I've played SE custom before, great guitar. But I've never played a real PRS to compare it to.


----------



## Jaybeehenry (Jul 11, 2008)

Hi, i am the proud owner of the PRS Allender guitar and it is awesome. I am a collector with many very high priced guitars including a 21 year old PRS custom 24. So believe me when i tell you this new guitar is amazing. If anyone told me this guitar was Korean i would not believe it. The wide-thin neck is great. The 24 frets are awesome. Even the trem systym stays in tune. I reccomend this guitar 100%. You might have a hard tme finding one because there is a very long waiting list. None on Ebay and Guitar Center and Sam Ash do not have them yet.


----------



## Groff (Jul 11, 2008)

Jaybeehenry said:


> I am a collector with many very high priced guitars including a 21 year old PRS custom 24.



Pics or it doesn't exist!


----------



## HighGain510 (Jul 11, 2008)

TheMissing said:


> Pics or it doesn't exist!



 Pics of your whole collection or they don't exist! 


By the way, did anyone else catch that PRS TOTALLY photoshopped the bat inlays onto that guitar photo?
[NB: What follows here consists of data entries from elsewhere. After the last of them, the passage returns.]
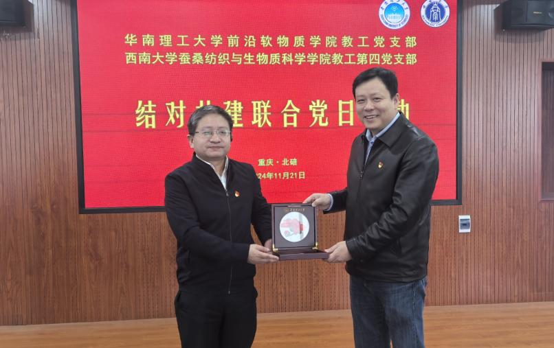 在发言交流环节,双方党员同志就党建与事业融合发展的具体做法、本科生和研究生人才培养体系建设等方面进行深入探讨。华南理工大学前沿软物质学院教工党支部向学院教工第四党支部赠送党支部联谊纪念礼物。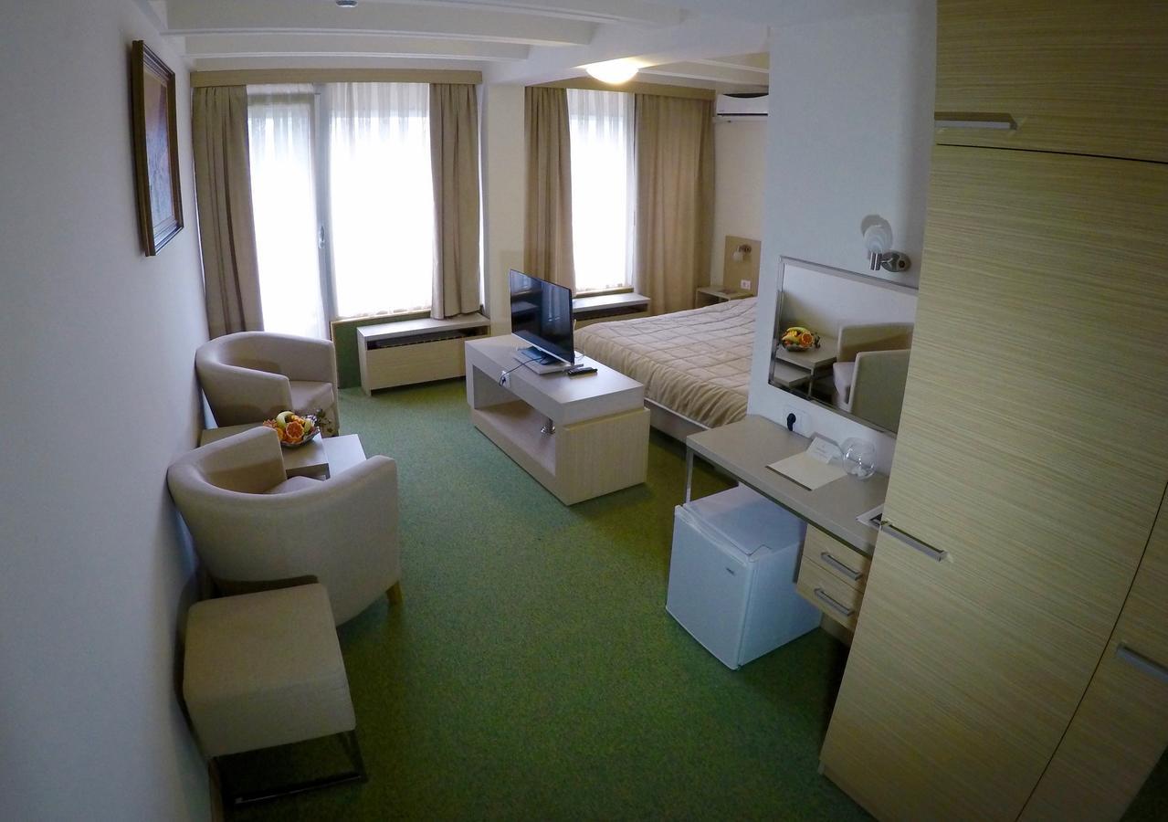Sobe su svetle i imaju pogled na centar Vrnjačke Banje. Svaka soba sadrži klima-uređaj, TV sa kablovskim kanalima i mini-bar, kao i kupatilo sa kadom ili tušem, fenom za kosu, papučama i bademantilima.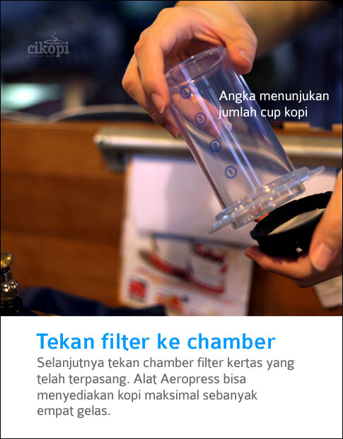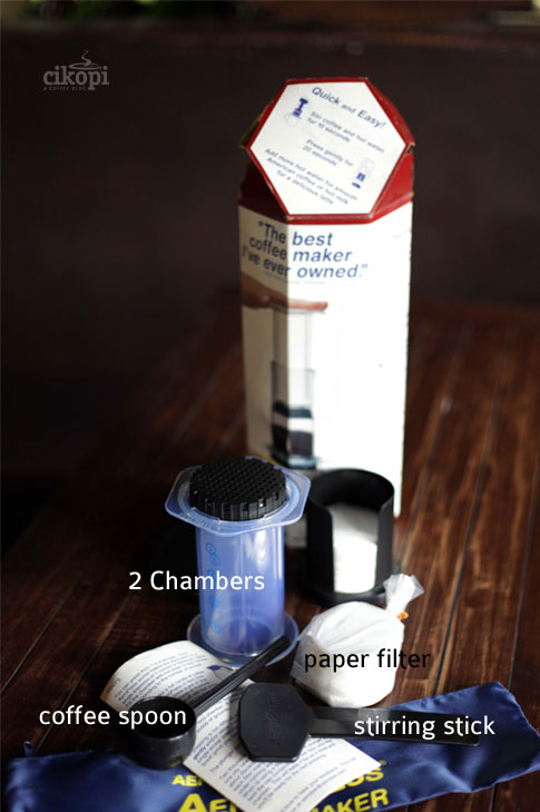 Apabila kardusnya dibuka terlihat kit dari AeroPress yang terdiri dari : chamber atau tabung kopi, filter kertas, alat pengaduknya, serta satu sendok takaran kopi bubuk. Satu alat lagi yang tidak terlihat adalah funnel, semcam corong untuk mengalirkan air panas. Cukup sederhana dan kesemuanya materialnya terbuat dari plastik yang membuat harganya cukup terjangkau. Di bawah ini adalah tata cara selengkapnya yang mudah dilakukan tanpa harus melakukan berbagai tweak seperti pembuatan espresso. Fotonya semoga bisa menjelaskan alur pembuatan kopi dengan AeroPress di bawah ini :

Not even a great job, you can see the wings continue OVER the frets!


----------



## Doomcreeper (Jul 11, 2008)

I am a CoF fan even though a lot of people seem to hate on them. I thought it was a pretty nice guitar, it looked awesome and I liked the inlays. I thought the guitar played nicely as well but I prefer the way my xiphos plays haha.


----------



## auxioluck (Jul 11, 2008)

I've heard some good testimonials. The PRS rep that used to come to our store said that even though it wasn't his cup of tea, they played and sounded pretty good. I love the finish, but not the inlays. I think the inlays were the only thing that kept me from getting one.


----------



## eightballhemhorrage (Jul 11, 2008)

i own one of these. it is not my favorite guitar (not a big fan of non-locking trems or guitars w/ completely flat tops) but it sounds amazing. the pickups are NOT standard SE pickups but an overseas copy of an HFS and VINTAGE BASS and they sound real good.


----------



## giannifive (Jul 11, 2008)

I played it in the store recently and was *really* impressed. Compared to the CE24 I played during the same visit it really held its own. And the pickups sounded noticeably more aggressive than the pickups in the other SE series guitars.
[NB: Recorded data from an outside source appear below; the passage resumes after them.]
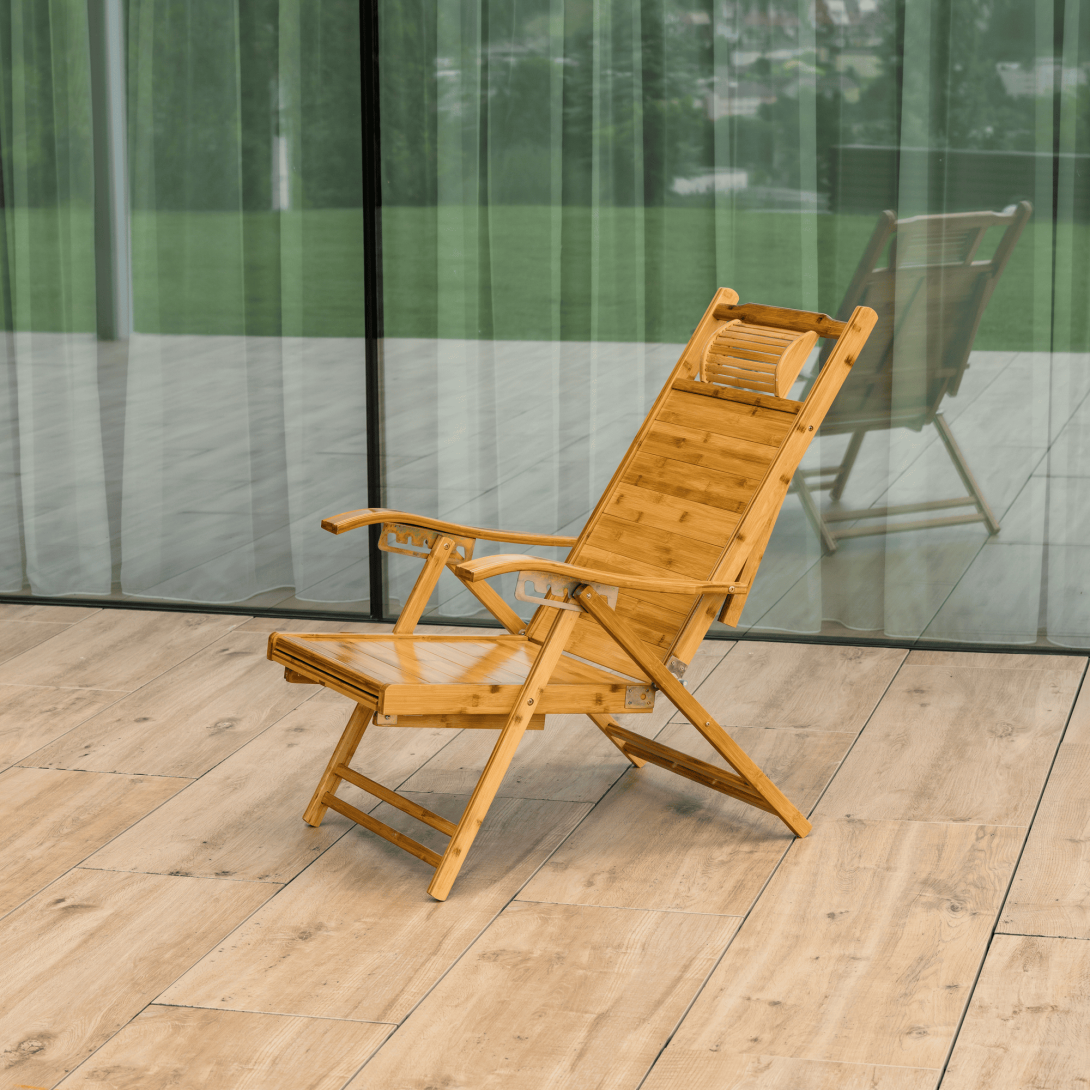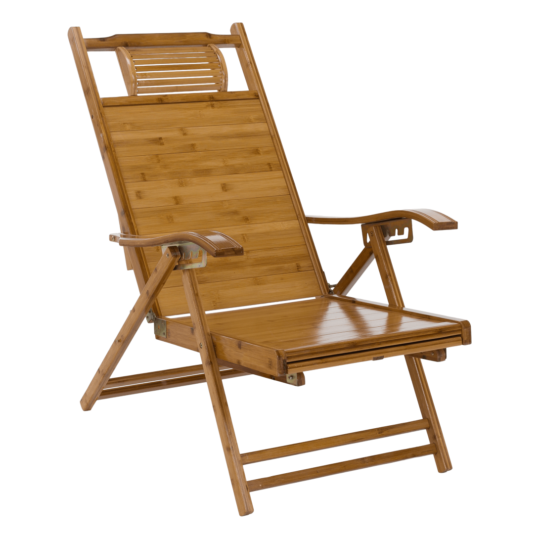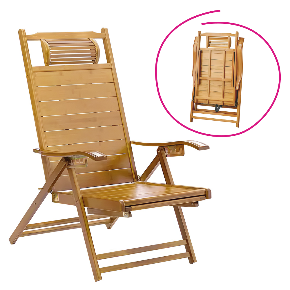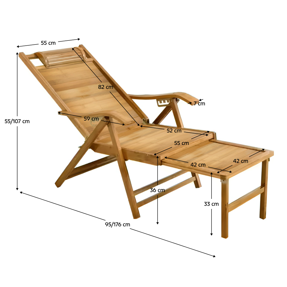 Materiál: masívne bambusové drevoFarba: prírodnáRozmery (ŠxHxV): 55x95-176x55-107 cmVýška sedu: 36 cmHĺbka sedu: 52 cmŠírka sedu: 55 cmVýška chrbtovej opierky: 82 cmŠírka chrbtovej opierky: 55 cmNosnosť: 100 kgHmotnosť: 13 kgZáhradnéSkladaciePolohovacie5 úrovní polohovaniaOpierka hlavyS opierkami rúkKresloLežadloS výsuvnou podnožouRozmery podnož (ŠxH): 42x42 cmPraktickéModerný dizajnDodávané v monte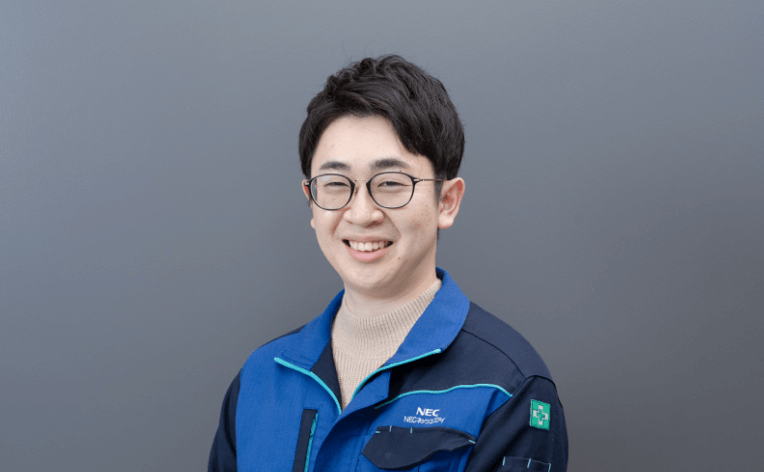 無線通信のエンジニアとして、ローカル5Gの販促から提案、実行と、上流から下流までトータルに携わっています。今回のプロジェクトについては、提案担当のM.Kさんから「こういう案件があるんですが」と相談されたところから携わりました。実際に現地に足を運び、提案内容を具体化させていく中で、エンジニアとして培ってきた知見が十分に発揮できたことは嬉しく思っています。大規模な工場の中でローカル5Gの実績がつくれたことは大きな成果となりました。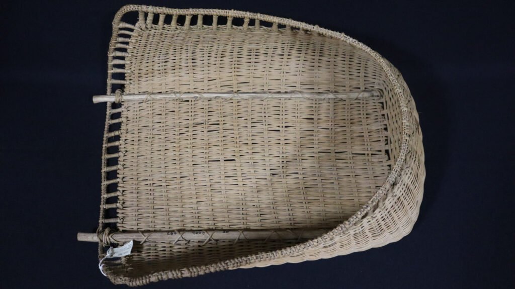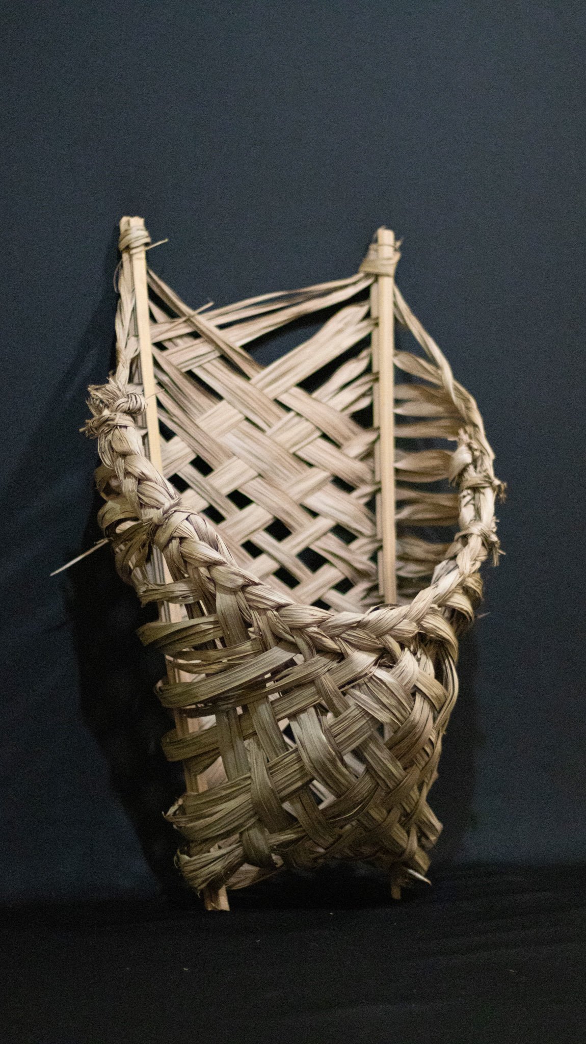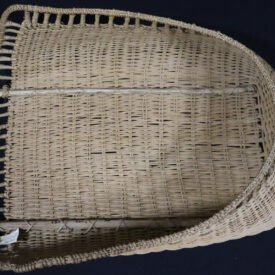 Jamaxim confeccionado com lasca de cipó titica segundo a técnica do arqueado. Possui suporte interno confeccionado com madeira não identificada.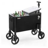 VINGLI 80 Quart Wagon Rolling Cooler Ice Chest, w/Long Handle and 10" Wheels, Portable Beach Patio Party Bar Cold Drink Beverage, Outdoor Park Cart on Wheels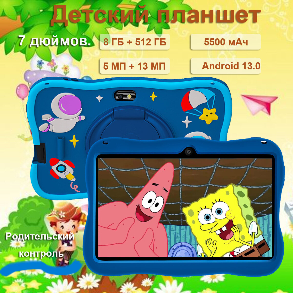 Детский планшет для мультиков и игр PAD7 Kids /8Gb/512Gb 7″ IPS 2560*1080/Андроид 13/Синий/13MP: сравнение цен, характеристики, фото, актуальное наличие и цены.

I own a PRS SE Custom Semi-Hollow (the humbucker one), and I have to say the quality is top notch for an import.


----------



## TemjinStrife (Jul 12, 2008)

I own a PRS Tremonti SE, bought at least five years ago. It is the only guitar I own that has remained completely stock since I bought it. Same pickups, same tuners, same bridge, same electronics.
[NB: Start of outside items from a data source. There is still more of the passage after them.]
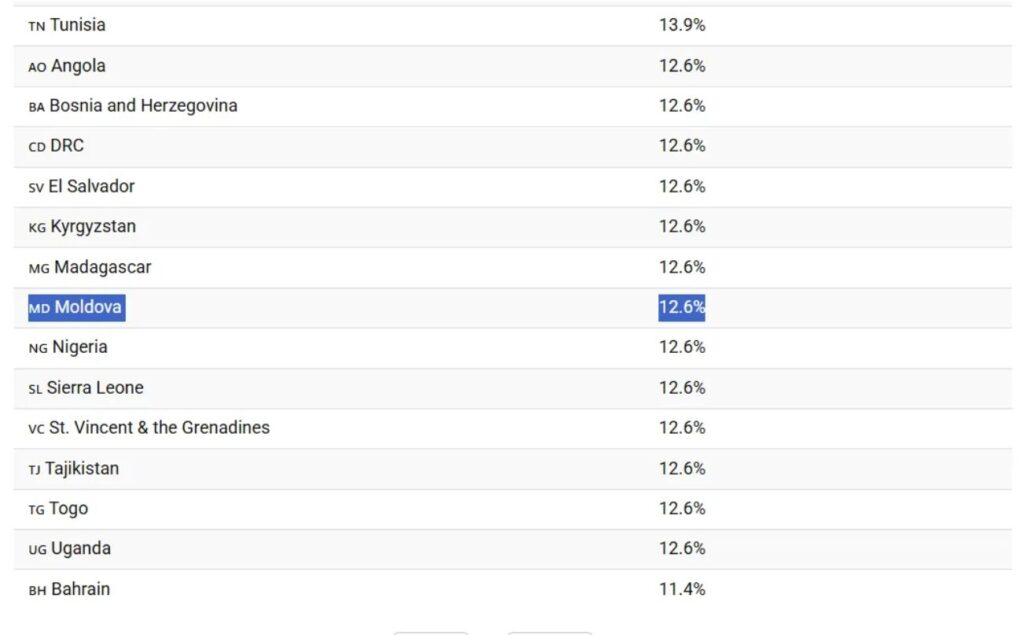 Acest nivel ridicat indică faptul că investitorii solicită randamente mai mari pentru a compensa riscurile asociate mediului economic din Republica Moldova. În clasament, țara este grupată alături de state precum Nigeria, Uganda, Tadjikistan sau Madagascar, transmite bani.md citată de știri.md și LiberNews.md.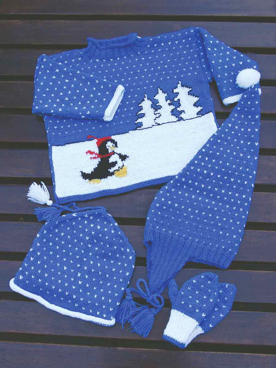 Strikk en pingvingenser, lue og votter i flerfarget strikking! Plaggene strikkes i deler med diagrammer, innsydde ermer og hekledetaljer.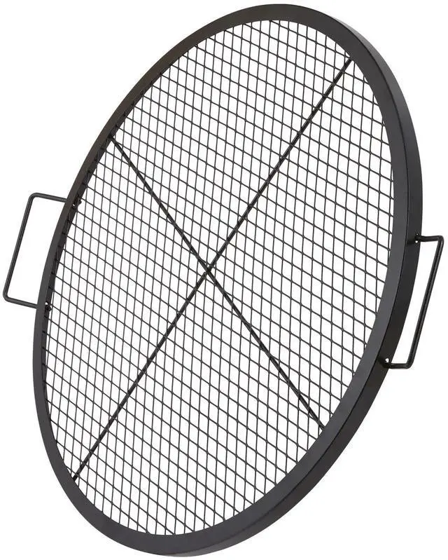 X-Marks Fire Pit Grill Grate, Round Cooking Grate, Heavy Duty Steel Campfire BBQ Grill Grid with Handle and Support X Wire, Portable Camping Cookware for Outside Party & Gathering, 30 Inch Black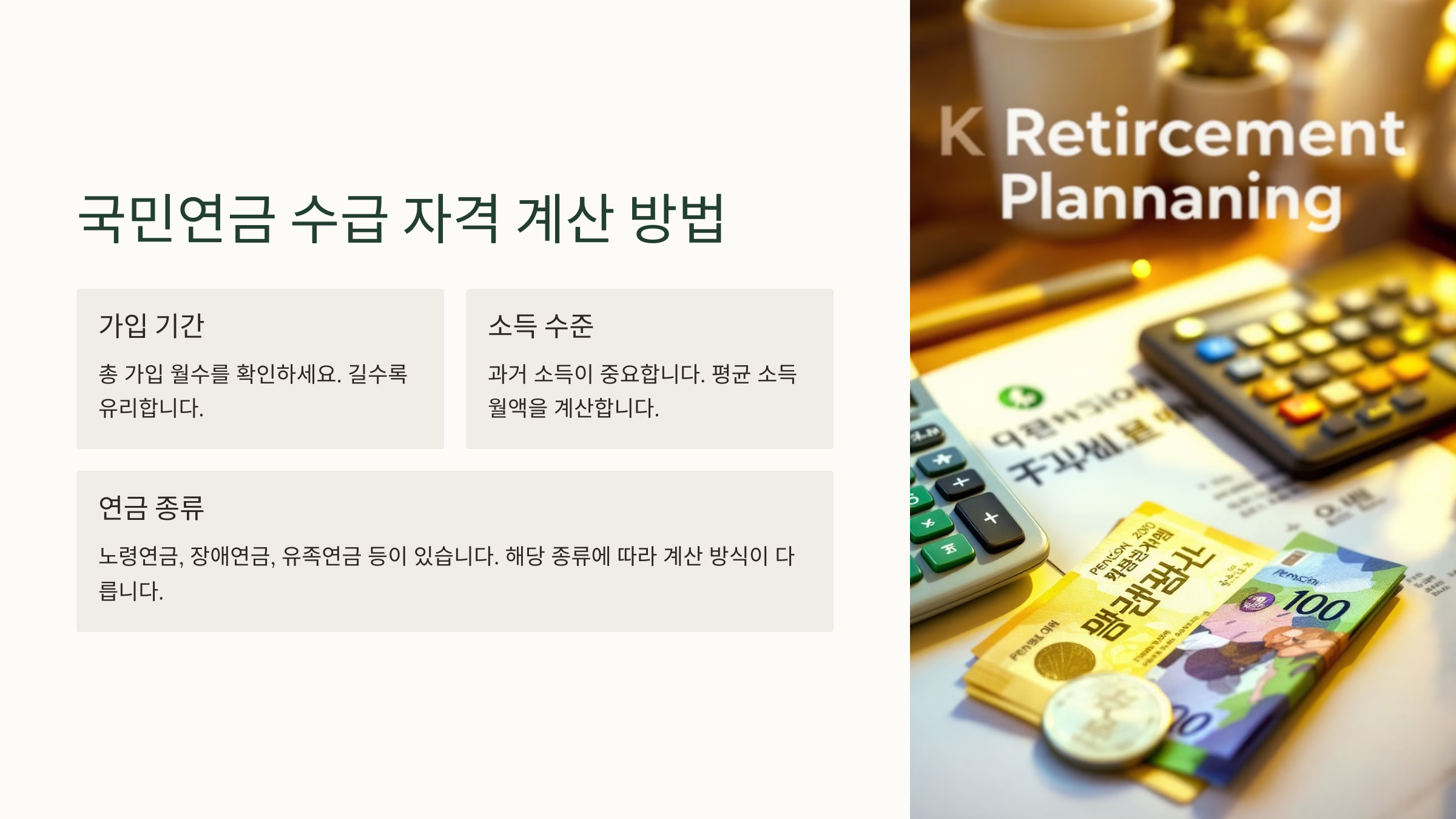 하지만 연금을 받으려면 일정 조건을 충족해야 해요. 가입 기간, 연령, 납부 금액 등에 따라 수령액이 달라질 수 있죠. 국민연금 수급자격과 예상 연금액 계산방법을 쉽게 설명해 볼게요!

It plays and sounds amazing.


----------



## Mattmc74 (Jul 13, 2008)

I have never played this model but other SE models I have played were really nice IMO!


----------



## Jeff (Jul 13, 2008)

I personally have a hard-on for the new Mushok baritone. 27'7" scale, greyburst, hardtail........Mmmmm!


----------



## DavyH (Jul 14, 2008)

Mine:






Wide thin neck carve: good
Inlays: better than they look in the picture
Pickups: excellent, much hotter than other SEs (and most American models)
Trem: OK
Nut: Iffy, as always on SEs. Could do with being changed to bone/PRS unobtanium.


----------



## Shannon (Aug 11, 2008)

I've been thinking of adding a 6-string into my arsensal as my band has several Drop C tunes we cover. I just played one of these the other day & I'm sold. The neck felt great. The setup & construction are very solid & man, it's a looker too! 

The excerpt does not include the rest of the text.